Description of the task ->
The material below contains a line with "I am hosting" and a line with "A beautiful mezuzah". Copy exactly those two lines and all lines between them.

Data under study ->
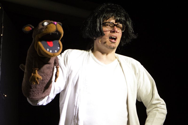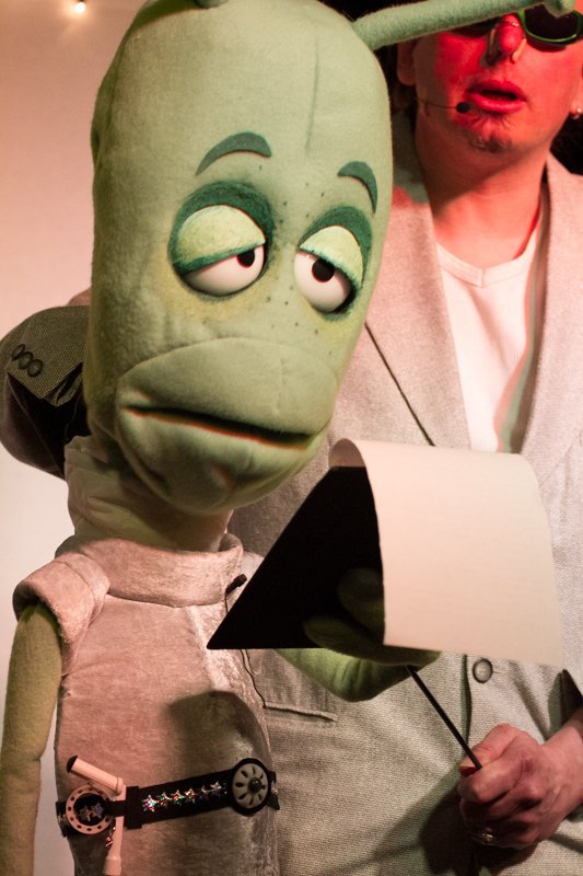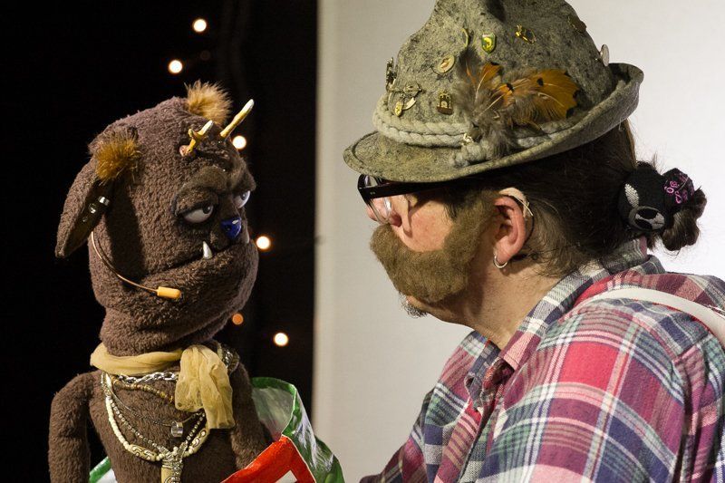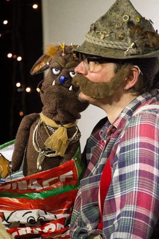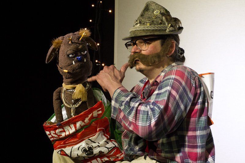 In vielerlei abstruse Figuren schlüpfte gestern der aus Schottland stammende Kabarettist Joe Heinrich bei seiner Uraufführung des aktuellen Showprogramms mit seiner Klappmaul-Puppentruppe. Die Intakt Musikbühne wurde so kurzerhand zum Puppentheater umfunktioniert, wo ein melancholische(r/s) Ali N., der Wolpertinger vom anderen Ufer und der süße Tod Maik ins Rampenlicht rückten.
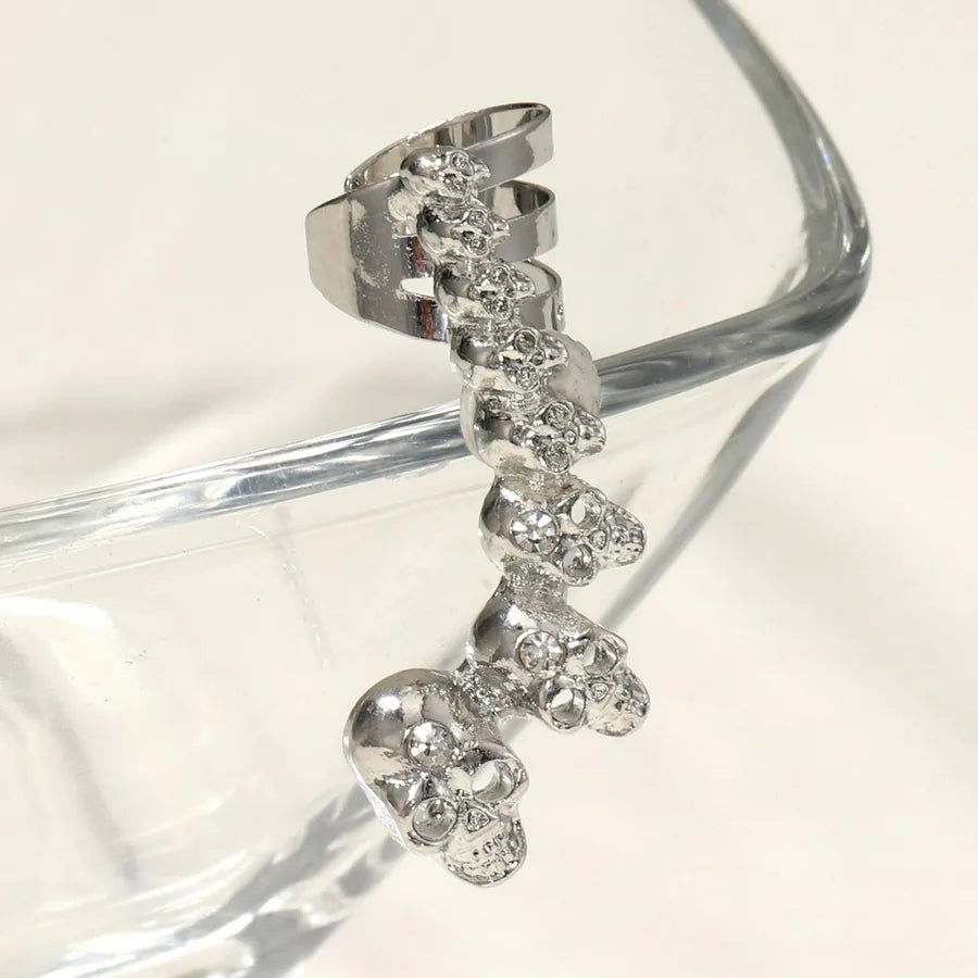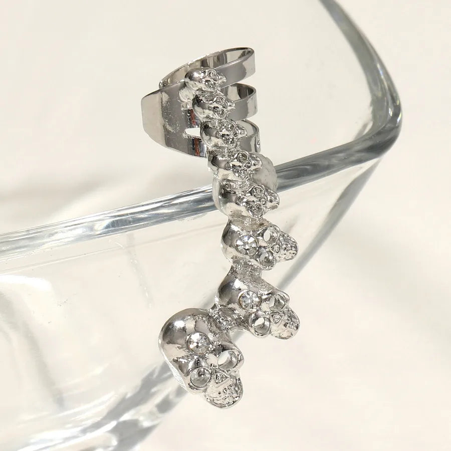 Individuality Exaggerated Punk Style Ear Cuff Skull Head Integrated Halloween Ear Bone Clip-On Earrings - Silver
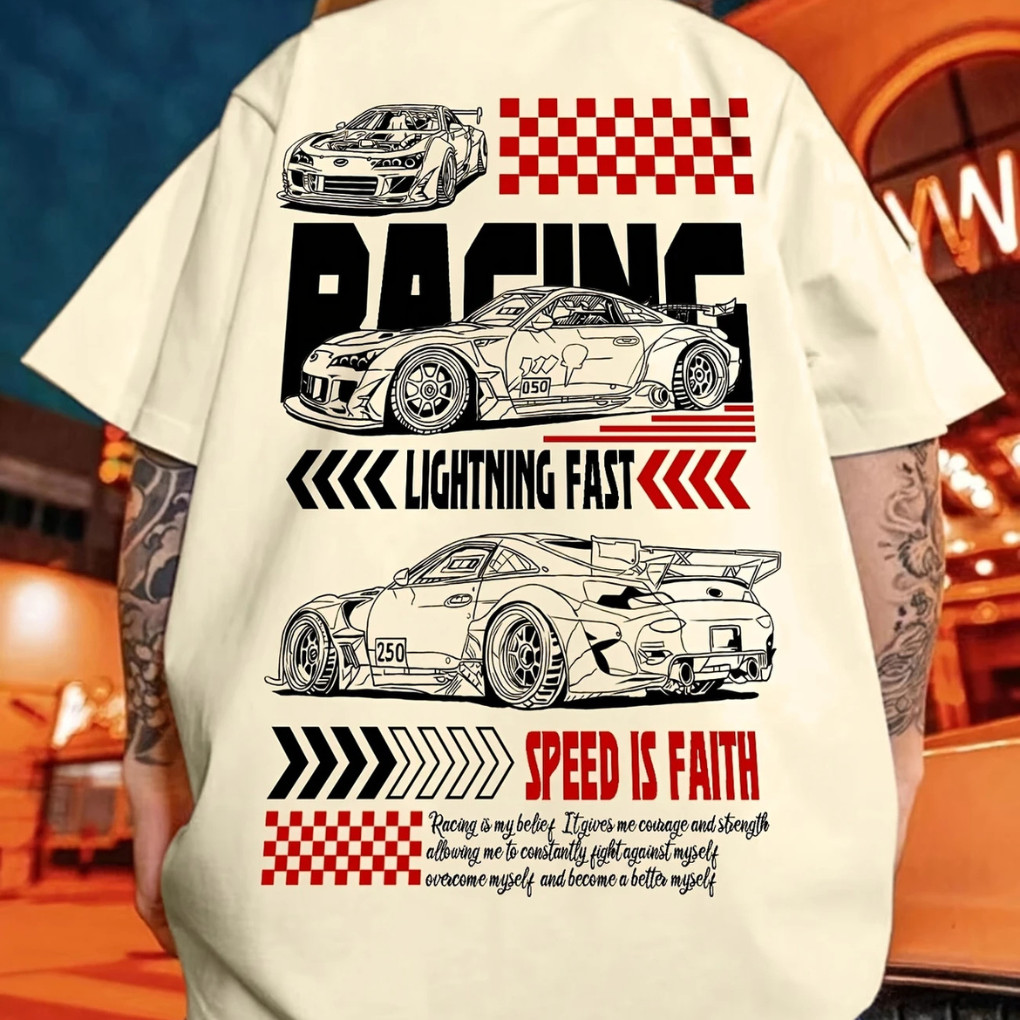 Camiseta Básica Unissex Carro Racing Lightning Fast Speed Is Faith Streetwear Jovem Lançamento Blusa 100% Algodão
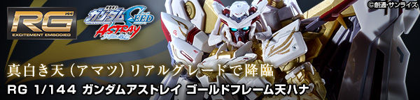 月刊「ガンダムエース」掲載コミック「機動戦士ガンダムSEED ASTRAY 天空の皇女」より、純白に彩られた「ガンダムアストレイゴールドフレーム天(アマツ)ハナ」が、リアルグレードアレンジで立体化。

--

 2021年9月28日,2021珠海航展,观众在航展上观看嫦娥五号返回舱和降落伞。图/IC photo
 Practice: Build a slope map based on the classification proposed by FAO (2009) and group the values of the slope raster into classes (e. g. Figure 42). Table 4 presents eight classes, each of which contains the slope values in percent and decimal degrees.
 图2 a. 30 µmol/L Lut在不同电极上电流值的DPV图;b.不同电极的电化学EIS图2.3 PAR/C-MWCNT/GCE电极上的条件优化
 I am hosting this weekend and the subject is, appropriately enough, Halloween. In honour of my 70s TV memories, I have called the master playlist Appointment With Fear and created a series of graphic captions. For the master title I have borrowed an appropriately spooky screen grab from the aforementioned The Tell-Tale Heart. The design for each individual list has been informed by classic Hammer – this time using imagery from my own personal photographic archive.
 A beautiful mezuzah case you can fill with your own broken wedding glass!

Response area ->
 I am hosting this weekend and the subject is, appropriately enough, Halloween. In honour of my 70s TV memories, I have called the master playlist Appointment With Fear and created a series of graphic captions. For the master title I have borrowed an appropriately spooky screen grab from the aforementioned The Tell-Tale Heart. The design for each individual list has been informed by classic Hammer – this time using imagery from my own personal photographic archive.
 A beautiful mezuzah case you can fill with your own broken wedding glass!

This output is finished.